Either way there is a link to how Rody fixed a similar seatstay issue that many might find valuable.

Thanks all!

http://forums.mtbr.com/frame-buildi...t-way-repair-775776-post9112836.html#poststop


----------



## tamen00 (Mar 10, 2004)

My question seems to apply to this thread... are there any alternatives to S&S or Ritchey systems? Or, is there anyway that a hobbyist can get a hold of the Ritchey or S&S system? I can not find them anyplace - and they will not sell directly to me. Thanks in advance for any sources or tips (lbs was not able to get them either)


----------



## Walt (Jan 23, 2004)

*S&S used to sell to hobby builders*

They used to do a thing where they would sell one set (just one, ever) of S&S couplers to hobby builders for their own personal use. You might call them and ask.

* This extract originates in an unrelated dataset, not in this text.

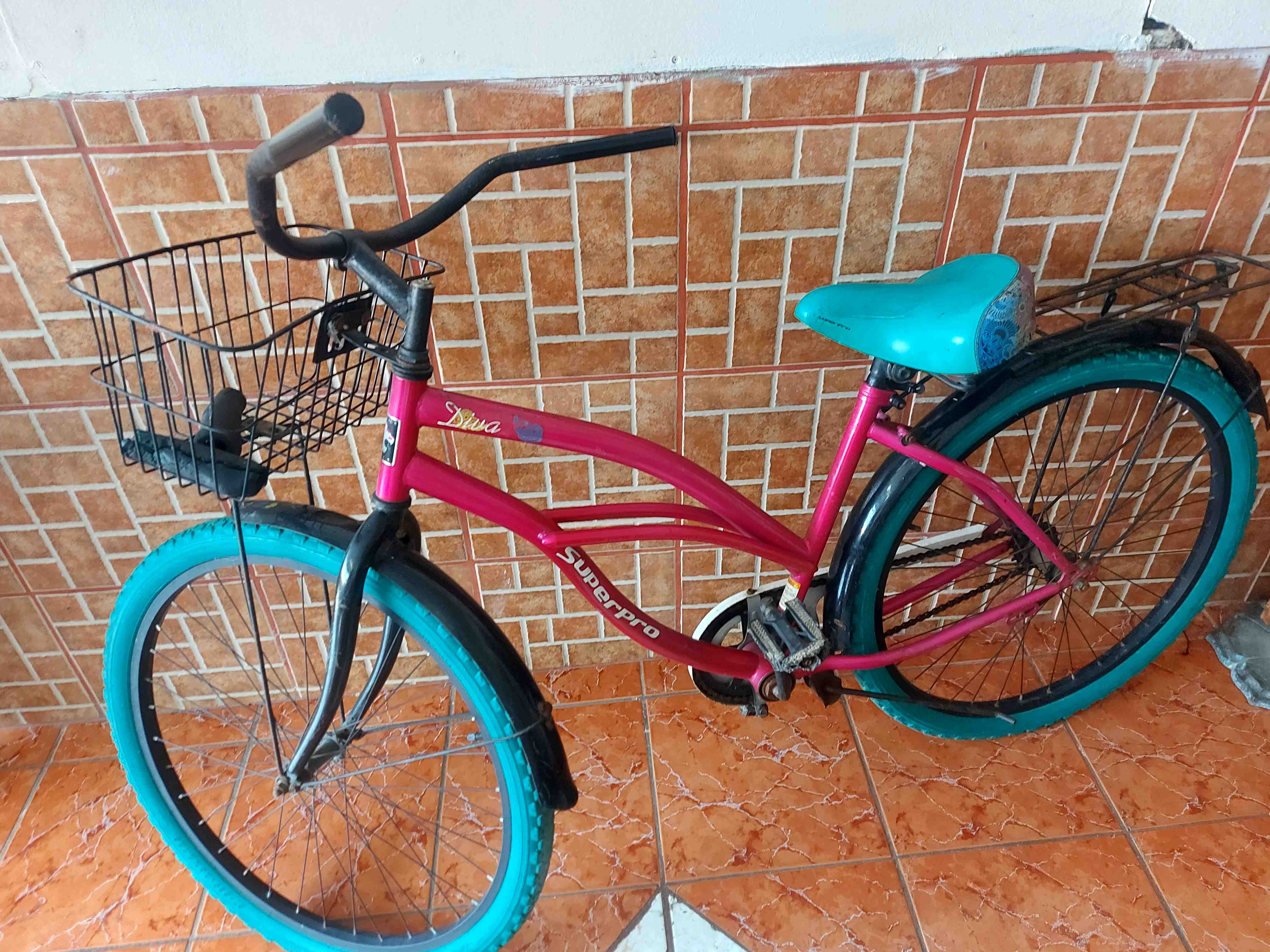 Bicicleta urbana de la marca Super Pro, modelo Diva. Cuenta con un diseño atractivo en color rosa con detalles en verde. Incluye una canasta delantera para mayor comodidad al transportar objetos. Ideal para paseos en la ciudad y desplazamientos cortos. Neumáticos en buen estado y asiento cómodo.

Also, I think you could make your own version of the Ritchey system pretty easily - look for my post from a few weeks ago about this, Welby had some good ideas.

-Walt



tamen00 said:


> My question seems to apply to this thread... are there any alternatives to S&S or Ritchey systems? Or, is there anyway that a hobbyist can get a hold of the Ritchey or S&S system? I can not find them anyplace - and they will not sell directly to me. Thanks in advance for any sources or tips (lbs was not able to get them either)


----------



## tamen00 (Mar 10, 2004)

Thanks for the info Walt!!! I was following the other thread from a couple of weeks ago... but missed a bunch of posts in the middle! It has all the info I was looking for - Thanks!!

(BTW - S&S would not sell the couplers to me... I will re-ask and be a little more clear that I need one set for personal use and see what happens)


----------